Now try inspecting the predictions with confidence > 0.75

![](https://github.com/andandandand/practical-computer-vision/blob/main/images/predictions.png?raw=true)

## Confidence thresholding through aggregations

In [14]:
retinanet_quantiles = working_dataset.quantiles(
    "retinanet_predictions.detections.confidence",
    [0.25, 0.5, 0.75, 0.9],
)
print(retinanet_quantiles)

[0.36016130447387695, 0.4785417914390564, 0.7015531063079834, 0.8853926062583923]


In [30]:
high_conf_view = working_dataset.filter_labels("retinanet_predictions",
                                                F("confidence") > retinanet_quantiles[-1],
                                                only_matches=False)

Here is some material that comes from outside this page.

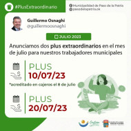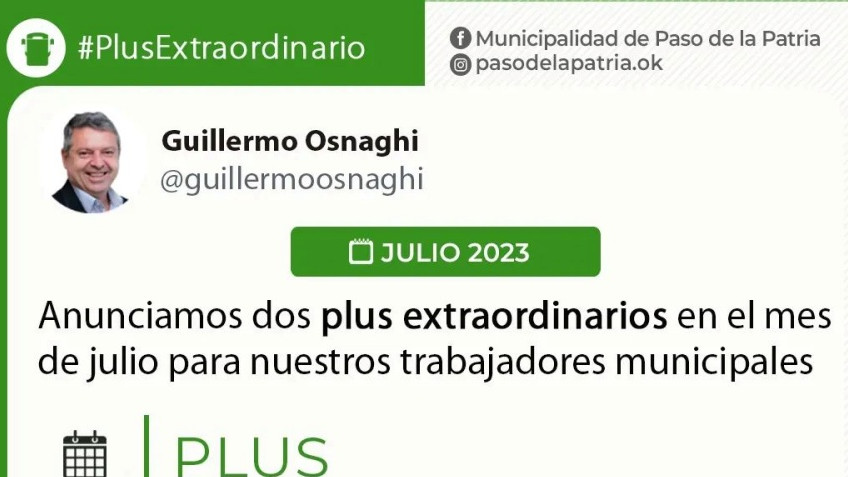 La Municipalidad de Paso de la Patria, bajo las específicas instrucciones del intendente Guillermo Osnaghi, se complace en anunciar la implementación de un plus extraordinario para el personal municipal.

Note the `only_matches=False` argument. When filtering labels, any samples that no longer contain labels would normally be removed from the view. However, this is not desired when performing evaluations since it can skew your results between views. We set `only_matches=False` so that all samples will be retained, even if some no longer contain labels.

In [31]:
# Print some information about the view
print(high_conf_view)

Dataset:     2025.06.15.17.32.55.881728
Media type:  image
Num samples: 200
Sample fields:
    id:                      fiftyone.core.fields.ObjectIdField
    filepath:                fiftyone.core.fields.StringField
    tags:                    fiftyone.core.fields.ListField(fiftyone.core.fields.StringField)
    metadata:                fiftyone.core.fields.EmbeddedDocumentField(fiftyone.core.metadata.ImageMetadata)
    created_at:              fiftyone.core.fields.DateTimeField
    last_modified_at:        fiftyone.core.fields.DateTimeField
    ground_truth:            fiftyone.core.fields.EmbeddedDocumentField(fiftyone.core.labels.Detections)
    retinanet_predictions:   fiftyone.core.fields.EmbeddedDocumentField(fiftyone.core.labels.Detections)
    faster_rcnn_predictions: fiftyone.core.fields.EmbeddedDocumentField(fiftyone.core.labels.Detections)
View stages:
    1. FilterLabels(field='retinanet_predictions', filter={'$gt': ['$$this.confidence', 0.8853926062583923]}, only_matches=

In [32]:
# Print a prediction from the view to verify that it has labels with confidence above the threshold
sample = high_conf_view.first()
sample.retinanet_predictions

<Detections: {'detections': []}>

In [None]:
# Load high confidence view in the App
session.view = high_conf_view
print(session.url)

Try inspecting patches on the view

![](https://github.com/andandandand/practical-computer-vision/blob/main/images/inspecting_patches.png?raw=true)

## Evaluate predictions


In [None]:
# Evaluate the predictions in the `faster_rcnn` field of our `high_conf_view`
# with respect to the objects in the `ground_truth` field
results = high_conf_view.evaluate_detections(
    "retinanet_predictions",
    gt_field="ground_truth",
    eval_key="eval",
    compute_mAP=True,
)

In [None]:
# Get the 10 most common classes in the dataset
counts = working_dataset.count_values("ground_truth.detections.label")
classes_top10 = sorted(counts, key=counts.get, reverse=True)[:10]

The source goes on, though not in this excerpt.